Porcelain forms, from tiny 'limoge' goblets to pots of almost Ali Baba proportions, are thrown and turned by Drysdale and assistants. The larger pots are the work of 'Tech' graduate Warwick Palmenteer. After his visits, her studio is filled with serried rows of ghostly forms waiting to be brought to life under her brush. The painted surfaces are complex feats of technical virtuosity – a type of controlled happen-chance. Glazes react with each other, underglazes with lustres, with crackle and to other pots in the kiln and so it is only after very considerable research and development that Drysdale has reached the point where she is in control of most of what emerges from her kiln. Placing a surface on a pot is rather like the process of etching, where many things are done in reverse and it only after the various overlays are planned and the 'pulls' are complete that you know if you have a prize or a plodder. Opening a kiln after a firing can bring great joy as a special gem emerges but equally there are disasters when a new clay or glaze component does not behave as expected. Drysdale's wastage is particularly high as she pushes to achieve technically and artistically difficult results. Fortuitously she has received four Australia Council development grants over the thirteen years of her practice and is one of two 1998 ArtsWA Fellows. This sort of support has been crucial in allowing her to develop the technical facility to be able to express herself with confidence.

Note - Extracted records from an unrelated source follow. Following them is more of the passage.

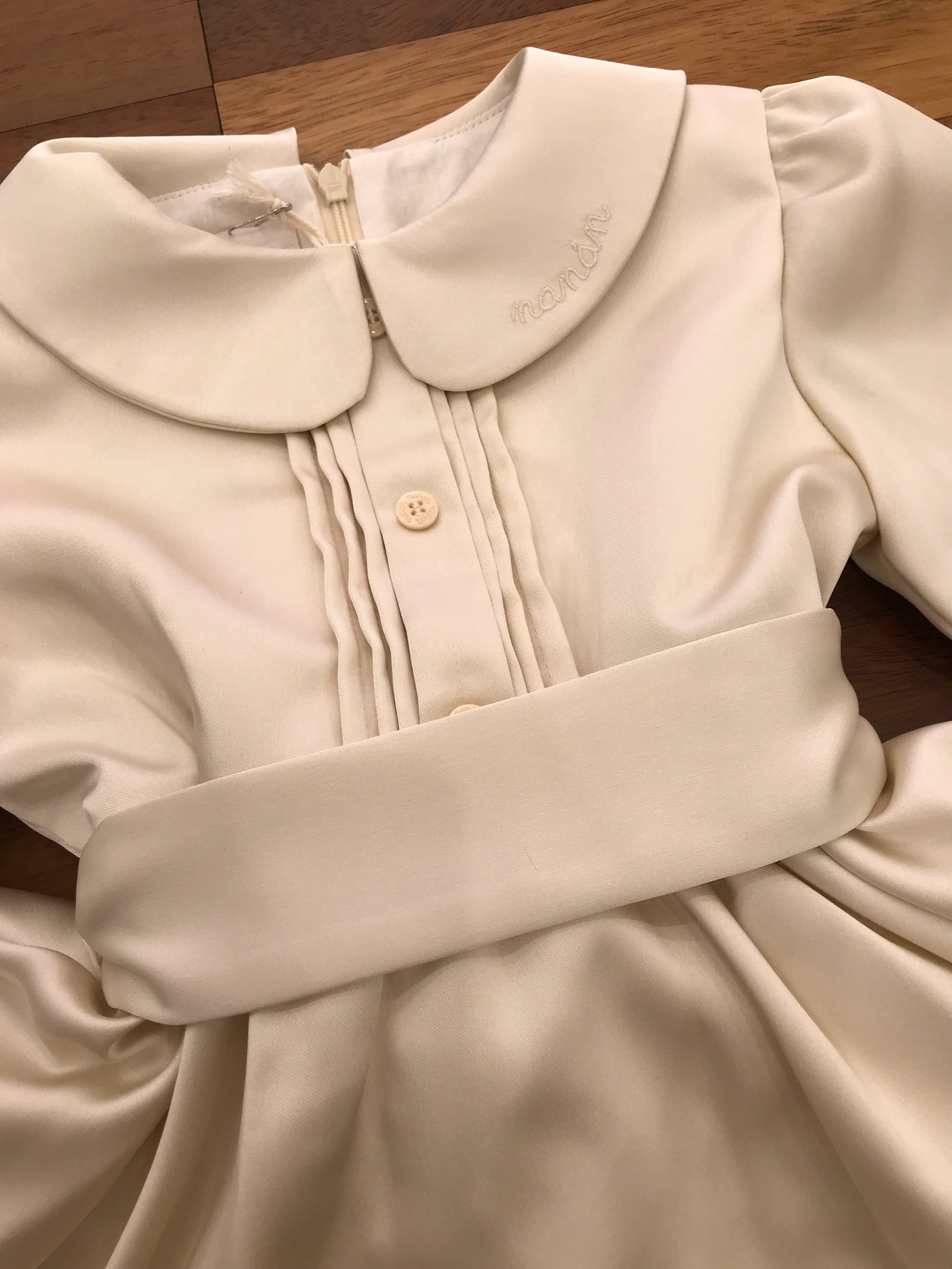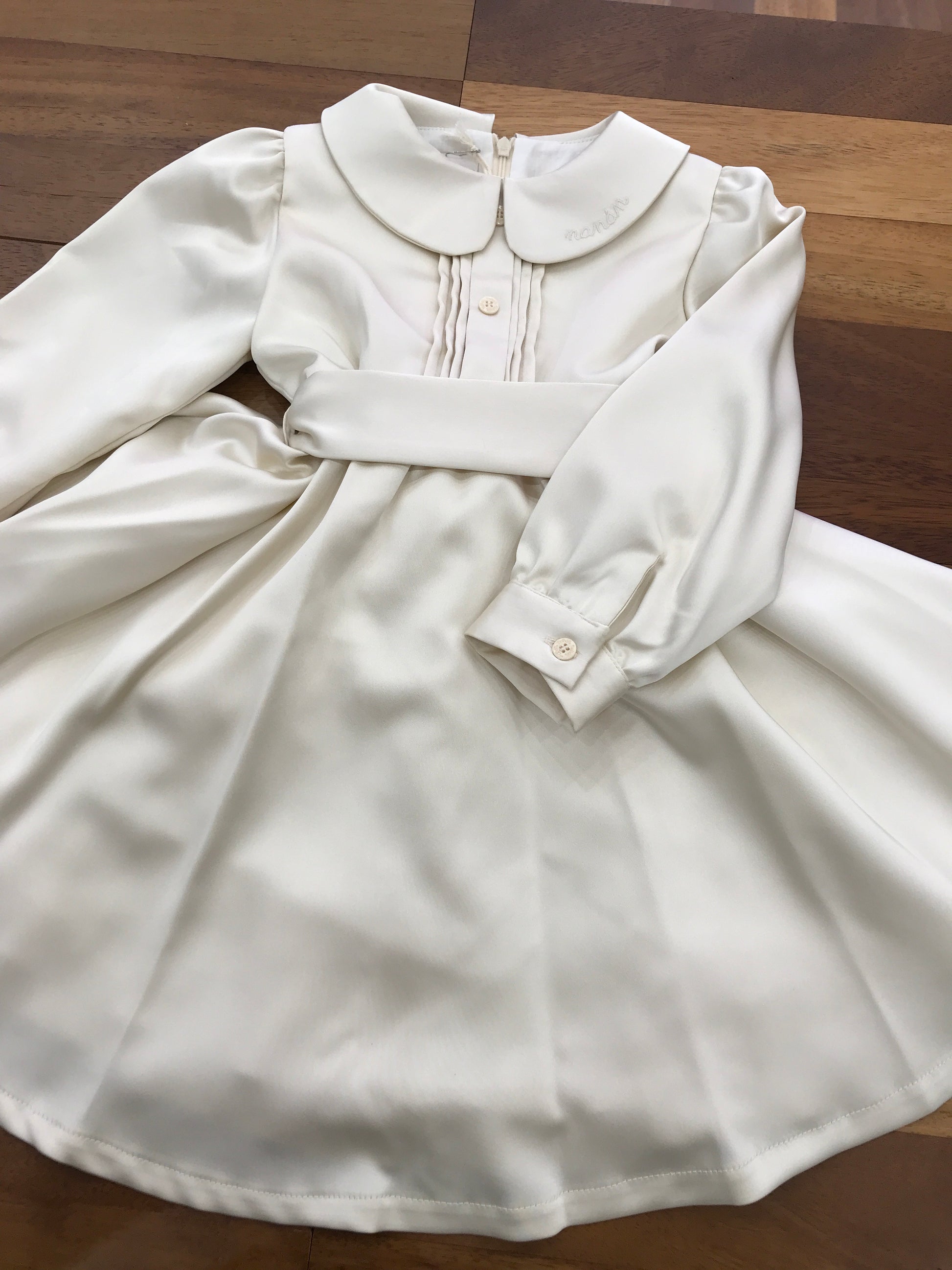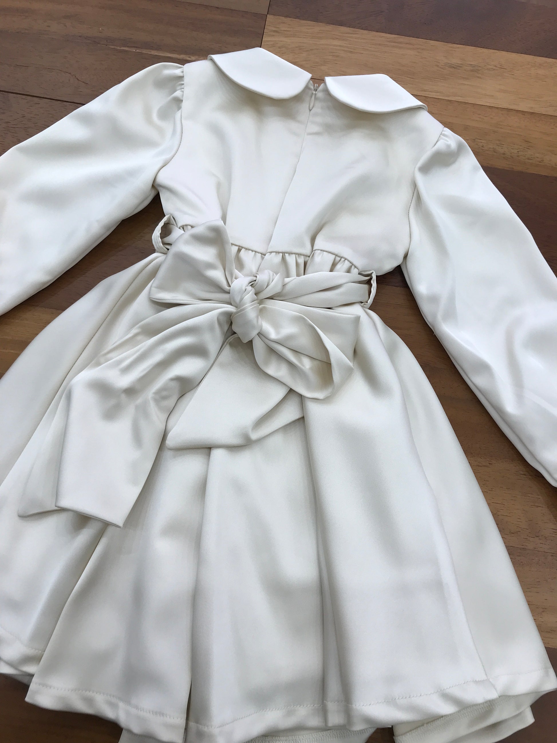L’abitino in raso si caratterizza per una gonna ampia che conferisce una silhouette elegante e fluida. Le maniche lunghe terminano con un raffinato bottoncino che aggiunge un dettaglio di pregio. Al centro del corpetto si trova una fascia plissettata, impreziosita da piccoli bottoncini, che valorizza la parte superiore del capo. La vita è definita da una cintura con passanti, che sul retro si trasforma in un delicato fiocco, donando un tocco di femminilità e raffinatezza. La chiusura posteriore è garantita da una zip, pensata per assicurare comfort e praticità nell’indossare l’abito.
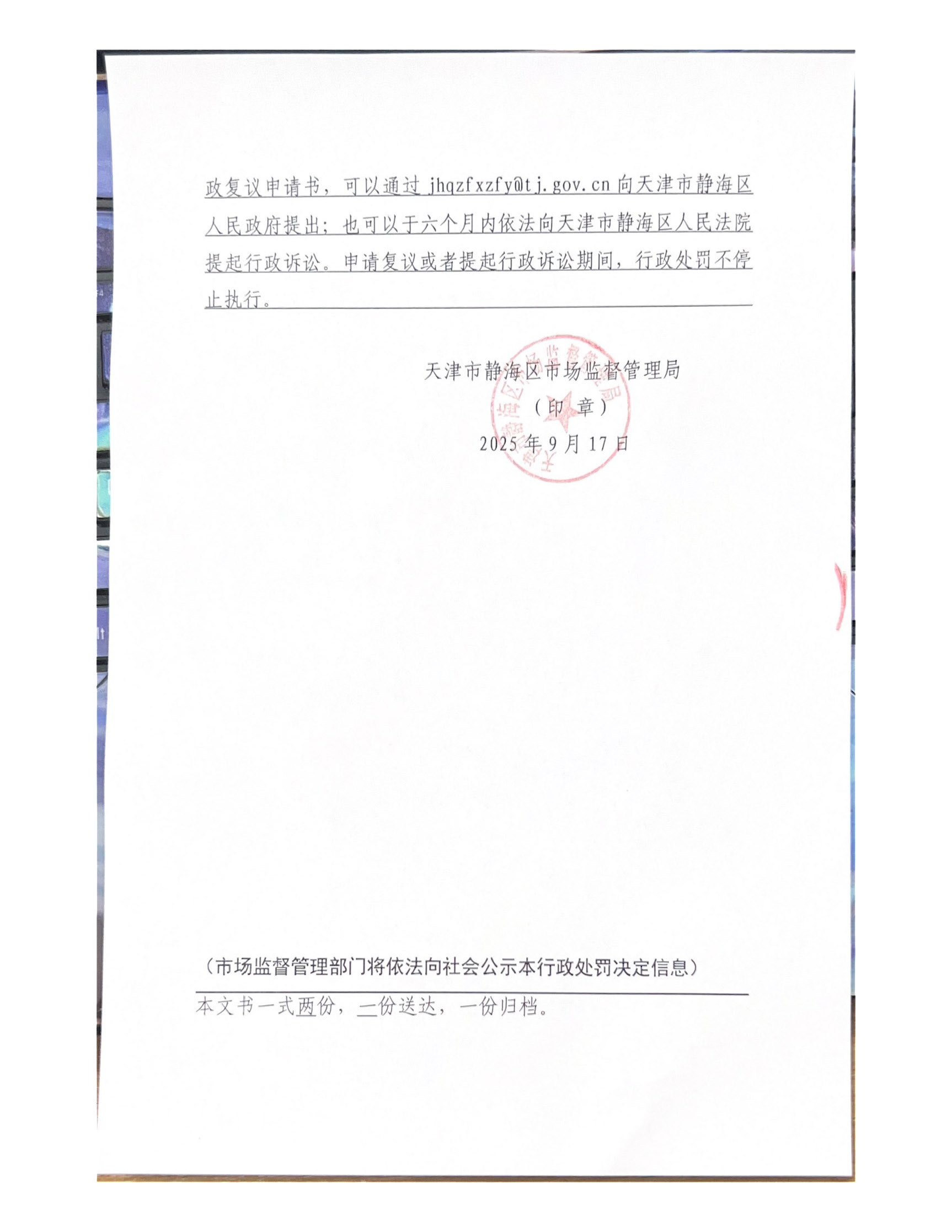 来源:天津市静海区市场监督管理局 发布日期:2025-09-17 09:00
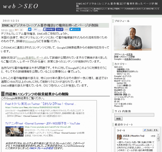 正当な著作権をもって公開しているコンテンツであるにもかかわらず、何者かが「権利侵害である」と主張したことで、グーグルなどで検索しても出てこない状況が発生してしまっているようだ。SEOコンサルタントである株式会社so.laの辻正浩氏が実例を出して指摘している。
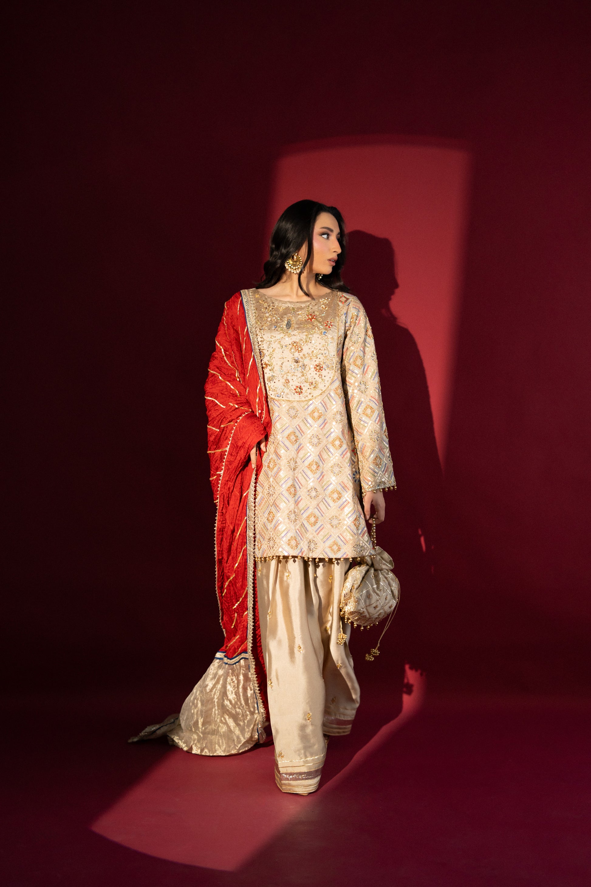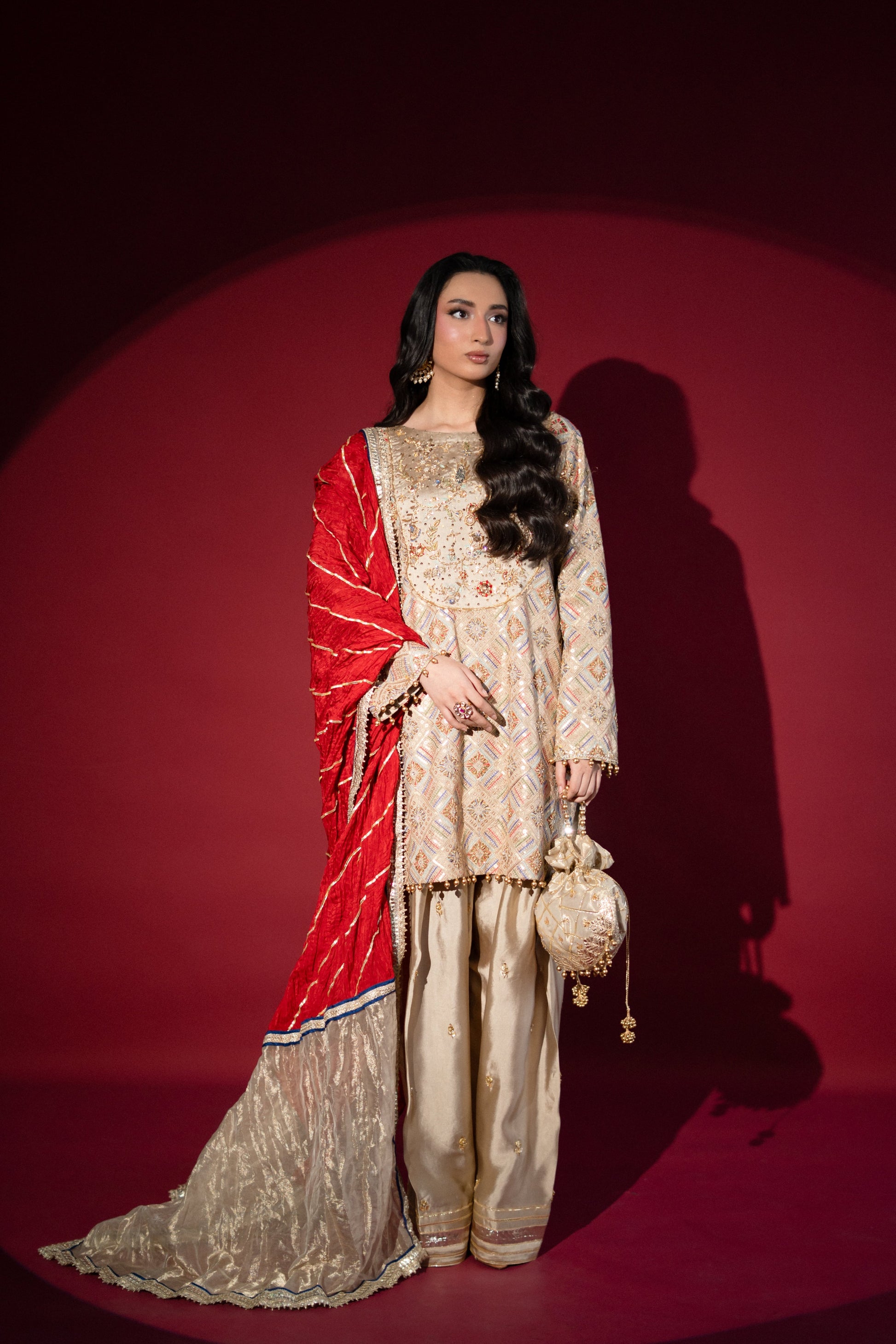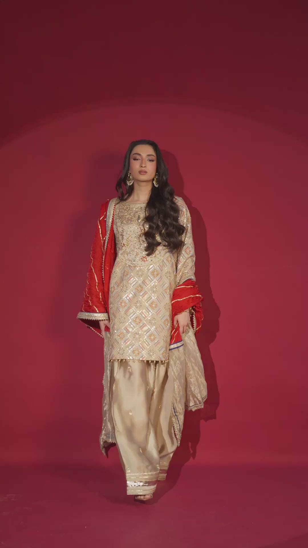 To add a vibrant festive pop, the ensemble is paired with a crushed red medium-silk dupatta, finished with a gold lame’ pallu. A striking blue patch adds contrast and dimension, while delicate lace details refine the overall look.
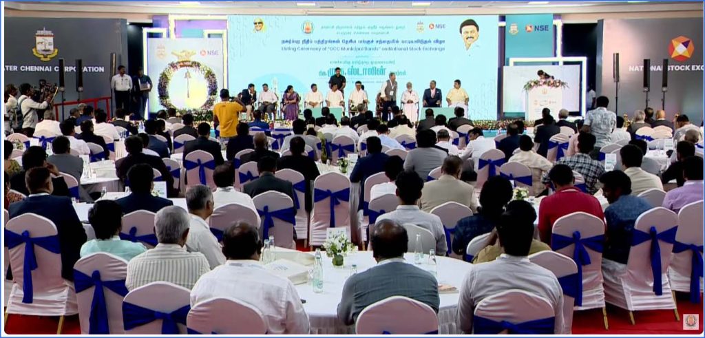 சென்னை, கலைவாணர் அரங்கில் இன்று திங்கட்கிழமை காலை 10.15 மணியளவில் நகராட்சி நிருவாகம் மற்றும் குடிநீர் வழங்கல் துறை மற்றும் பெருநகர சென்னை மாநகராட்சி சார்பில் நடைபெறும் நகர்ப்புர நிதிப் பத்திரங்கள் தேசிய பங்குச் சந்தையில் பட்டியலிடுதல் விழாவில் (Listing Ceremony of “GCC Municipal Bonds” on National Stock Exchange) பெருநகர சென்னை மாநகராட்சியின் 200 கோடி ரூபாய் மதிப்புள்ள நகர்ப்புர நிதிப்பத்திரங்களை தேசிய பங்குச் சந்தையில் பட்டியலிடும் நிகழ்வினை, மணி ஒலித்து தொடங்கி வைத்தார்.
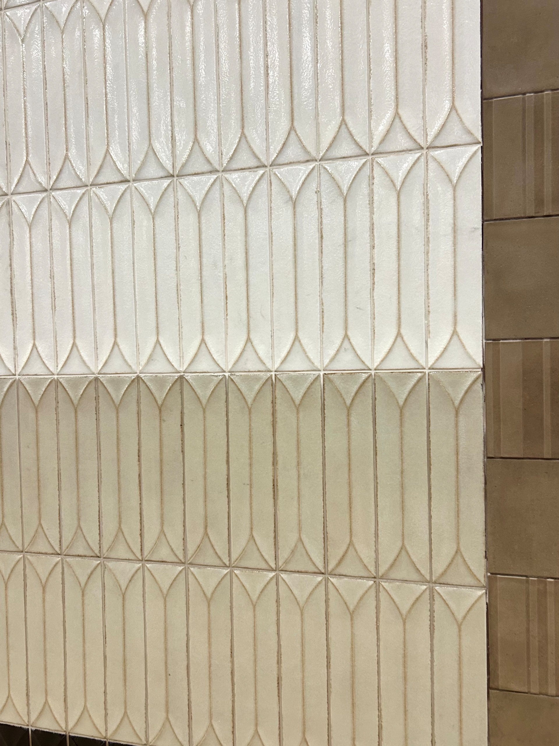 This pretty pattern is called Weave, in Arctic White, from Daltile’s Luminique collection. The tile measures 12 by 24 inches and can be mixed with flat, fluted and other styles from the same collection.
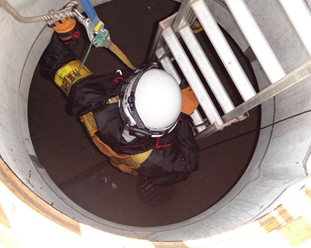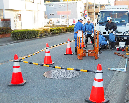 街中でよく見かけるマンホールの蓋、ここが工事の入り口です。まず、交通災害を防ぐために保安帯を設置し、はしごで地下へと潜ります。マンホールの中は暗いため、ヘルメットにライトを装着し入坑します。まずマンホール内で接続作業を行うための足場を作成し、電源や照明を設置します。
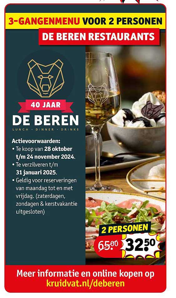 3-Gangenmenu Voor 2 Personen De Beren Restaurants aanbieding bij Kruidvat
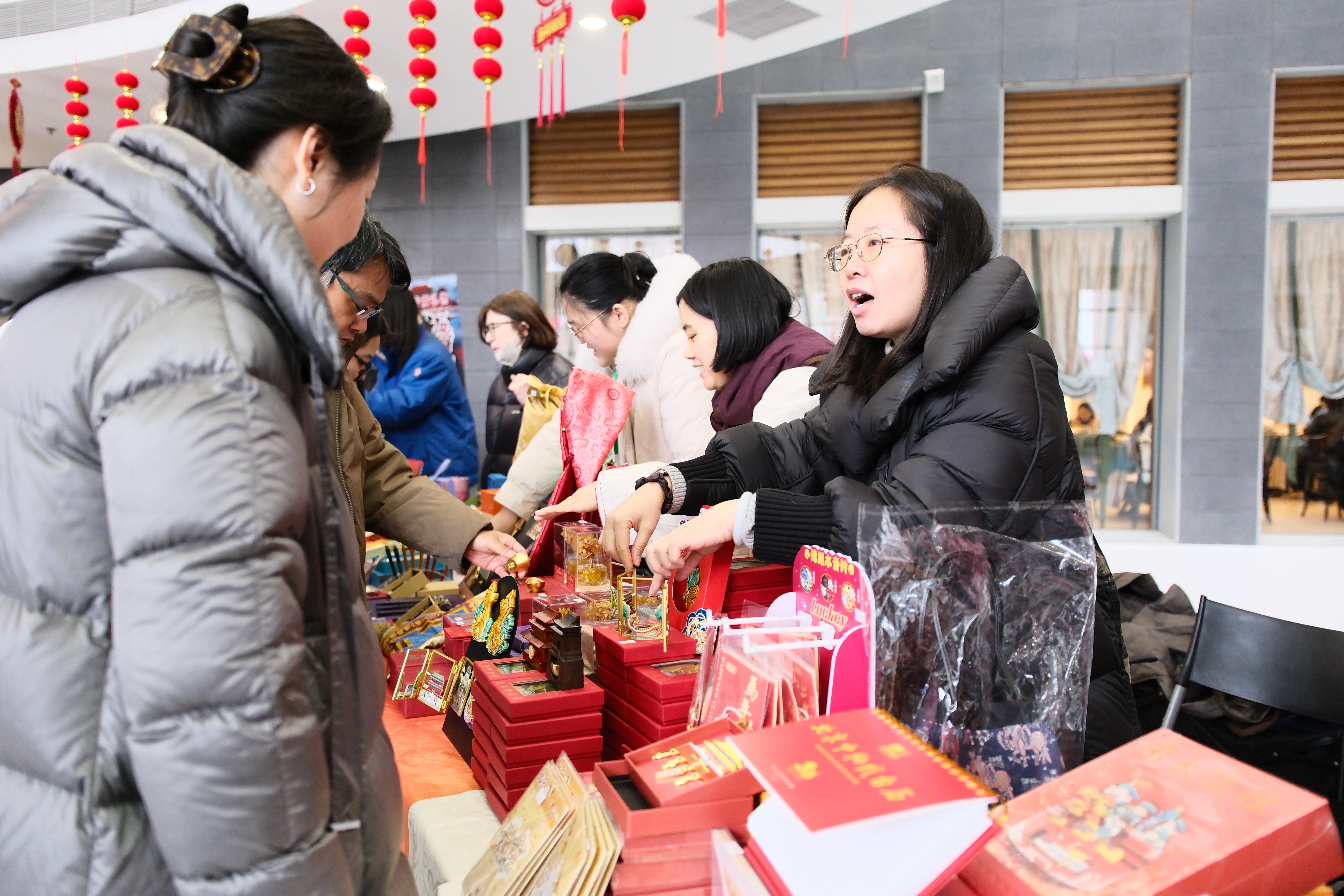职工在“惠民购”现场选购文创产品。

1995 was a significant year when she really came to prominence winning the Perth Craft Award, the Newcastle Ceramic Purchase Award and was represented in the major Australian exhibition Delinquent Angel: Australian Historical, Aboriginal and Contemporary Ceramics at the prestigious Museo Internationale delle Ceramiche in Faenza Italy - the holy grail for ceramic artists. This exhibition later toured Asia , the Americas and Australia.

The progression as she mastered the various difficult techniques can be seen in the surfaces of the pots. The crystalline glazes, married with brush and resist, produced the luminous landscape series of 1996. Noon Heat  shows what the combinations of techniques can achieve when handled in a confident manner by someone with an eye for colour and form and an intimate technical knowledge of her medium. This series was produced after a spring visit to Leonora in the remote Eastern Goldfields of Western Australia. On the long drive splashes of colour on a hillside of green, a blaze of wildflowers beside the road, the caked crust of a salt flat, the subtle colours on the sides of the Gwalia open cut, the rusty red of the earth, the blue of the sky were absorbed and recorded on film as aide memoirs for future inspiration. The results are exquisite works of art which eloquently evoke a sense of place. They have been eagerly collected – particularly for large corporate collections.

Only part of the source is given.